Where to start. My sister Sarah attended Maplewood from a young age until she was 18 when she was required to leave due to her age. Sarah has ataxic cerebal palsy as well as being extremely hyperactive and in general very demanding. She loves to run around and make as much noise as possible which made life in our house very interesting.

When my sister went to Maplewood every Tuesday night for a sleepover that gave me the chance to have some ‘normal’ time with my parents. You can't fully appreciate how much of a difference this time can make to both parents and siblings.

We could do things that every day families take for granted, we could go food shopping without worrying she would run off in the supermarket and even worse have a tantrum, we could go to the cinema which with my sister present was an impossible feat or just sit at home watching TV together, which was never possible when Sarah was home as she would just run around the house and never stop.

One weekend a month we were lucky enough that she would go straight from School on the Friday and we would pick her up on Sundays. You can't comprehend how much a weekend can mean to families in our position. A whole weekend can seem like a week, a whole weekend where you don’t have to worry did I lock the front door, is the kitchen locked, living with my sister every room apart from hers and the living room had to be locked for safety reasons.

Having a weekend or a night where you don’t have to worry is well priceless. It was during these sleepovers that my sister would go on that I had the chance to have friends over without worrying how she would be with them or what they would think of Sarah.

These nights ‘off’ we got were so invaluable to our family I don’t think I could ever put in to words the difference it made to our lives. That one night a week felt like the world had been lifted off your shoulders.

As a sibling of a disabled child it can sometimes feel like you are very alone and that you come second to your sibling. Deep down you know that you are just as important to your parents as your sibling but due to all the time and attention disabled children command it can not be helped. And the extremely valuable time where your sibling is having a sleepover at Maplewood means you are number 1 with your parents for the night. Now that might actually sound very selfish but believe me as a sibling in this situation you learn not to be selfish, you actually want to do everything you can for your sibling and spend as much time with them as you can.
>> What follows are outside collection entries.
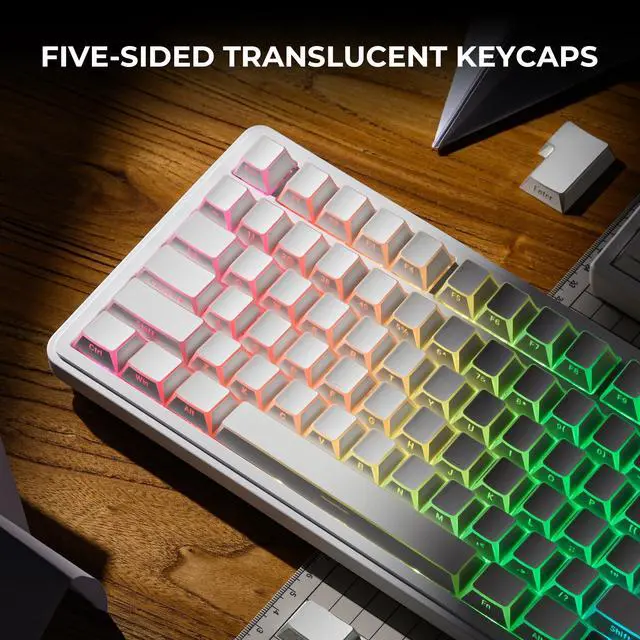 Five Surface Translucent KeycapsThe side-printed legends and five surfaces connecting remain transparent, This keycaps is designed to be slight light-transmissive on five sides based on the original side-printed shine through keycaps, offering a soft, eye-friendly backlight effect that is vivid yet never overly glaring. ^^ Double Shot KeycapsThese are doubleshot keyboard keycap set so the legends on the keycap will never wear out and the legends on the south of the keycaps can be illuminated due to the transparent PC material used in its inner layer, give your backlit keyboard a better RGB effect.
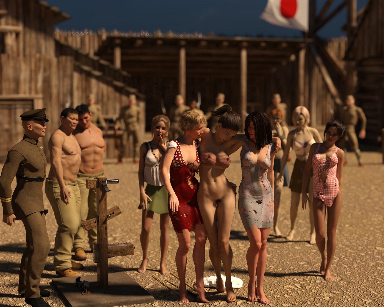 That scene is so erotic. Thank you for posting. Your work is so incredibly lifelike as are the whip marks across the lovely breasts. I would not be surprised if some women POW's received punishments like that from the Japanese. These pictures certainly got me aroused! Thank you. Laura
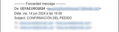 El correo electrónico tiene por título “¡No pierdas la oportunidad de ganar entradas para ver los partidos de la EURO 2024 en vivo! Participa en nuestro concurso”. Sin embargo, al analizar que el remitente UEFAEURO2024, se puede observar que la dirección de correo es una cuenta personal.
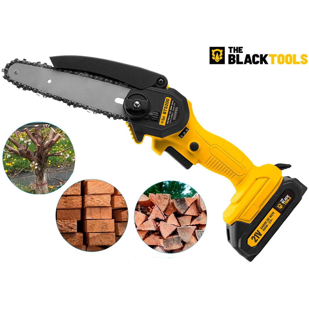Mini Serra Sabre a Bateria BTS200 – The Black Tools A Mini Serra Sabre a Bateria BTS200 da The Black Tools é uma excelente escolha para quem busca praticidade e eficiência em cortes de madeira e poda. Construída com materiais de alta qualidade, oferece facilidade de operação e ampla aplicação em jardinagem e carpintaria. Equipada com um motor de escova, garante partida rápida, frenagem segura e controle simples do circuito. Além disso, sua corrente passa por um processo de têmpera profunda em alta temperatura, resultando em maior durabilidade e cortes precisos. Vantagens: - Alto desempenho – Realiza cortes em madeiras de até 15 cm de diâmetro em apenas 10 segundos. - Ergonomia e segurança – Design compacto que facilita o manuseio e aumenta a eficiência. - Mobilidade sem fio – A bateria recarregável permite o uso sem necessidade de conexão à energia. Ideal para: - Corte de madeira, árvores, ramos e galhos. - Trabalhos de poda e jardinagem. - Uso doméstico e profissional. Especificações Técnicas: - Sabre: 150 mm - Bateria: 21V, recarregável - Velocidade da corrente: 5 m/s - Luz indicadora de bateria Itens Inclusos: - 01 Bateria 2.000 mAh - 01 Carregador Bivolt - 01 Recipiente óleo - 01 Corrente - 01 Sabre Cuidados e Recomendações: - Evite pressionar a ferramenta com força – Deixe a corrente realizar o corte de forma gradual. Marca: The Black Tools Modelo: BTS200
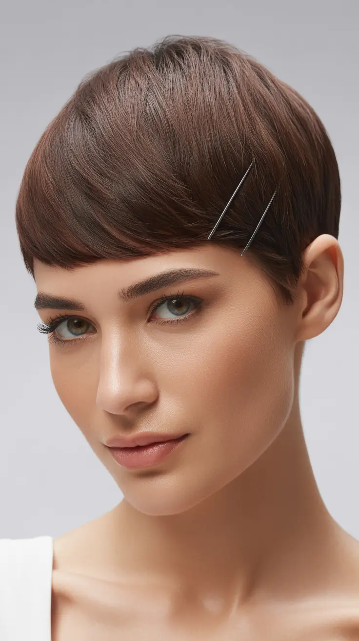 The chic pixie cut is a timeless style that never fails to impress. This look combines a playful vibe with a touch of sophistication, making it perfect for any occasion. The light chocolate brown hair color adds warmth and depth, enhancing the overall appearance.
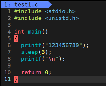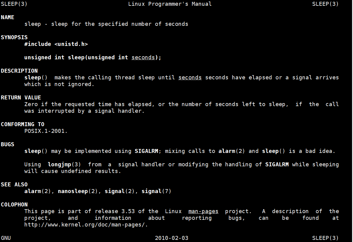 在上面代码中,sleep(3)函数的意思是,代码运行到这里时,休眠三秒,然后再往下运行,使用这个函数需要包含头文件unistd.h,具体介绍可以通过man 3 sleep进行查询。

The nights that my sister got to go to Maplewood became even more important when I was studying for my GCSE’s, A-Level’s and for my Degree. I knew on these nights I could study without my sister wanting to play, or my sister having a tantrum or Sarah just being Sarah and running round the house signing! These nights enabled me to study in peace and in the long run helped me to pass the exams and forge a good career for myself.

The work and support that Maplewood house provide can not have any value put on it, they provide love, care and support for the most vulnerable children there are in any county, so that parents and siblings can have a break and have some ‘normal’ family time.

Maplewood house is needed by the families of Lancashire and I for one as a sibling of a child who previously used Maplewood cannot stress enough how much of an essential facility Maplewood House is.